▸ **ABOUT THIS EXERCISE**
Where an entry contains an image, skip the image and print the rest exactly.

▸ **INPUT DATA**
···

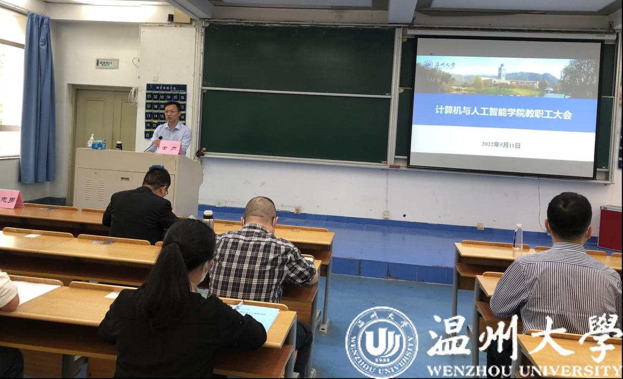 5月11日下午,六合彩网站 在A201教室召开全院教职工会议暨教师理论学习会。会议由六合彩网站 党委书记全力主持,全体教职工参加了会议。
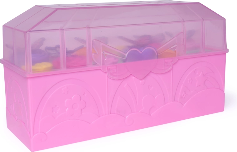 Ružový kufrík s priehľadným vekom pojme figúrky, kvety aj doplnky. Slúži ako prenosné úložisko aj štýlová vitrínka pre zbierku.
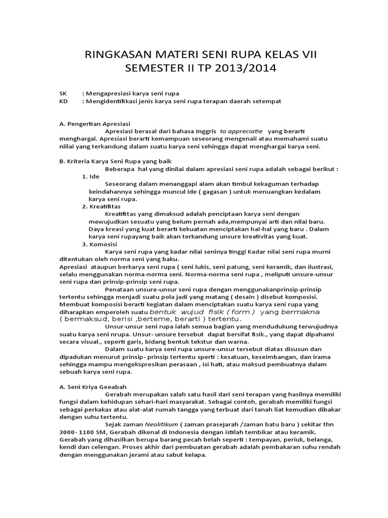 Materi seni budaya kelas 7 semester 1 kurikulum 2013. We did not find results for: Check spelling or type a new query. Maybe you would like to learn more about one of these?
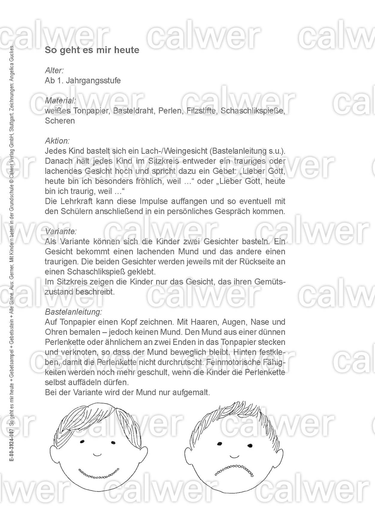 Beim Spiel "So geht es mir heute" drücken die Kinder mit Hilfe gebastelter Gesichter ihre Gefühle aus und formulieren Gebete.
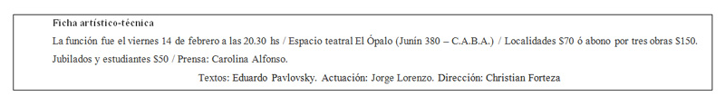 Desde un comienzo lo vemos al actor inquieto, haciendo una serie de movimientos repetitivos y coherentes con los que, luego, nos narrará. Él nos muestra cuál es su silla, qué lugar ocupa en su casa y en la vida. Qué rol, en definitiva, cumple en su familia. Después, nos da a conocer las características de su esposa y la fría relación que tienen hace tiempo. Lo mal y desolado que se siente, sobre todo, un día domingo como el que transcurre en la obra. Por último, le toca el turno a su hija. La única mujer de la casa que logra pintarle una sonrisa y la única que le da afecto.
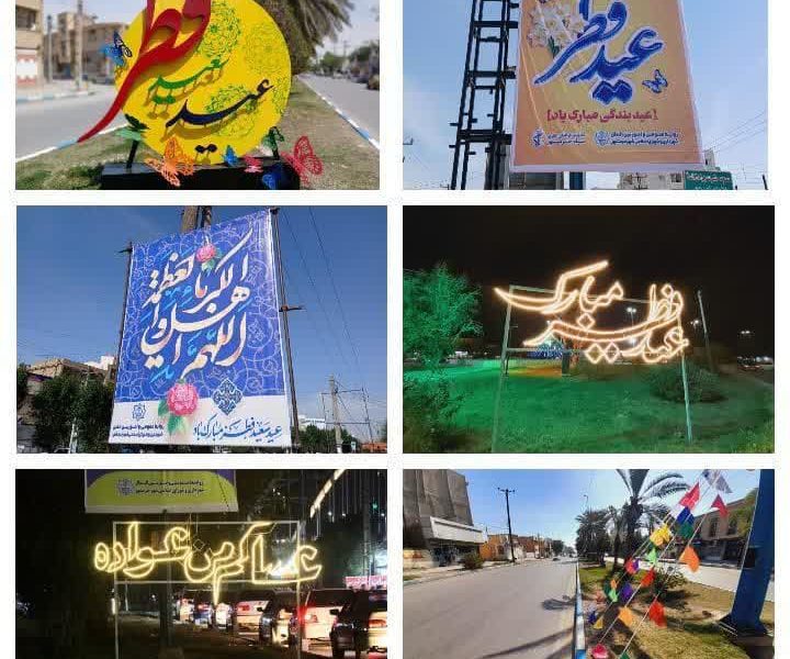 همزمان با عید سعید فطر میادین و معابر خرمشهر به مناسبت این عید فرخنده توسط روابط عمومی و اموربین الملل شهرداری خرمشهر با نصب بنر در بیلبوردهای سطح شهر، نصب پرچم و ریسه های الوان رنگی ، اِلمان های نوری و دیگر اِلمان های تبریک عید فطر ، فضاسازی و آذین بندی شد .
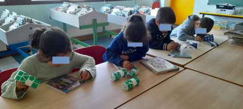 Les Cp classent les livres à l'aide de gommettes de couleurs
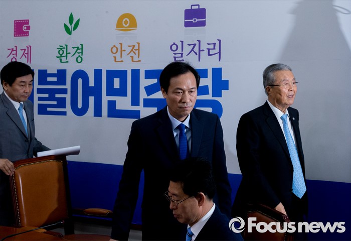 (서울=포커스뉴스) 김종인(오른쪽) 더불어민주당 비대위 대표와 우상호(가운데) 원내대표 등이 25일 오전 서울 여의도 국회에서 비상대책위원회의를 마친 뒤 퇴장하고 있다.
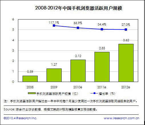 艾瑞報告稱今年手機瀏覽器用戶預計將破兩億
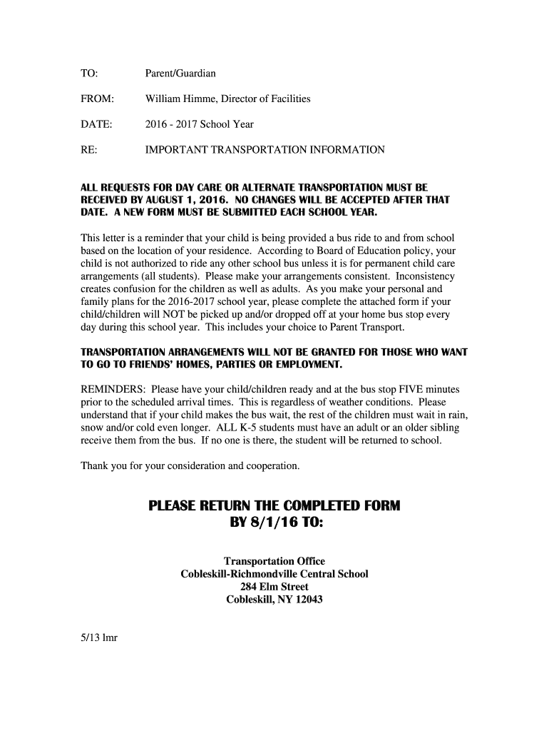 TO: Parent/Guardian FROM: William Gimme, Director of Facilities DATE: 2016 2017 School Year RE: IMPORTANT TRANSPORTATION INFORMATION ALL REQUESTS FOR DAY CARE OR ALTERNATE TRANSPORTATION MUST BE RECEIVED
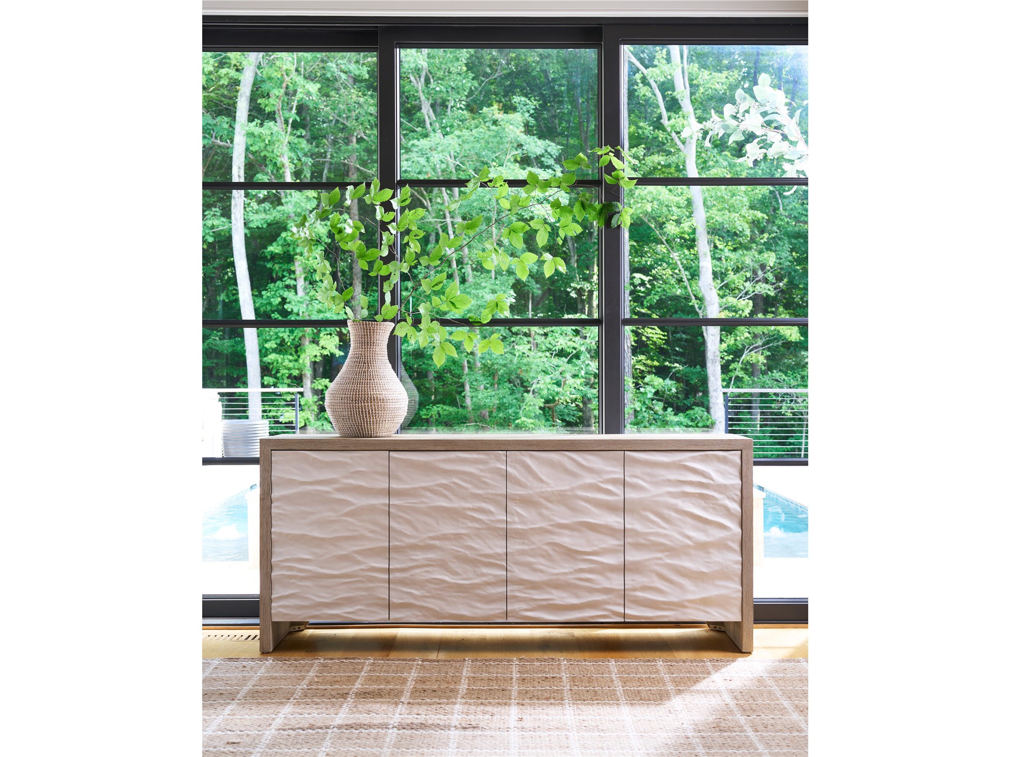 Oasis- Coastal Living Home Collection Oasis Credenza (U533967)The Oasis Credenza combines a Dockside oak case with white wave-patterned door fronts that reference the movement of water. This 78-inch credenza with 34-inch height, felt-lined silverware tray, and ample adjustable shelving with wire management makes it perfect for dining or media storage in your coastal-inspired home.Oasis- Coastal Living Home CollectionCredenzas And ChestsLiving RoomU533967

···

▸ **WORKED SOLUTION**
 5月11日下午,六合彩网站 在A201教室召开全院教职工会议暨教师理论学习会。会议由六合彩网站 党委书记全力主持,全体教职工参加了会议。
 Ružový kufrík s priehľadným vekom pojme figúrky, kvety aj doplnky. Slúži ako prenosné úložisko aj štýlová vitrínka pre zbierku.
 Materi seni budaya kelas 7 semester 1 kurikulum 2013. We did not find results for: Check spelling or type a new query. Maybe you would like to learn more about one of these?
 Beim Spiel "So geht es mir heute" drücken die Kinder mit Hilfe gebastelter Gesichter ihre Gefühle aus und formulieren Gebete.
 Desde un comienzo lo vemos al actor inquieto, haciendo una serie de movimientos repetitivos y coherentes con los que, luego, nos narrará. Él nos muestra cuál es su silla, qué lugar ocupa en su casa y en la vida. Qué rol, en definitiva, cumple en su familia. Después, nos da a conocer las características de su esposa y la fría relación que tienen hace tiempo. Lo mal y desolado que se siente, sobre todo, un día domingo como el que transcurre en la obra. Por último, le toca el turno a su hija. La única mujer de la casa que logra pintarle una sonrisa y la única que le da afecto.
 همزمان با عید سعید فطر میادین و معابر خرمشهر به مناسبت این عید فرخنده توسط روابط عمومی و اموربین الملل شهرداری خرمشهر با نصب بنر در بیلبوردهای سطح شهر، نصب پرچم و ریسه های الوان رنگی ، اِلمان های نوری و دیگر اِلمان های تبریک عید فطر ، فضاسازی و آذین بندی شد .
 Les Cp classent les livres à l'aide de gommettes de couleurs
 (서울=포커스뉴스) 김종인(오른쪽) 더불어민주당 비대위 대표와 우상호(가운데) 원내대표 등이 25일 오전 서울 여의도 국회에서 비상대책위원회의를 마친 뒤 퇴장하고 있다.
 艾瑞報告稱今年手機瀏覽器用戶預計將破兩億
 TO: Parent/Guardian FROM: William Gimme, Director of Facilities DATE: 2016 2017 School Year RE: IMPORTANT TRANSPORTATION INFORMATION ALL REQUESTS FOR DAY CARE OR ALTERNATE TRANSPORTATION MUST BE RECEIVED
 Oasis- Coastal Living Home Collection Oasis Credenza (U533967)The Oasis Credenza combines a Dockside oak case with white wave-patterned door fronts that reference the movement of water. This 78-inch credenza with 34-inch height, felt-lined silverware tray, and ample adjustable shelving with wire management makes it perfect for dining or media storage in your coastal-inspired home.Oasis- Coastal Living Home CollectionCredenzas And ChestsLiving RoomU533967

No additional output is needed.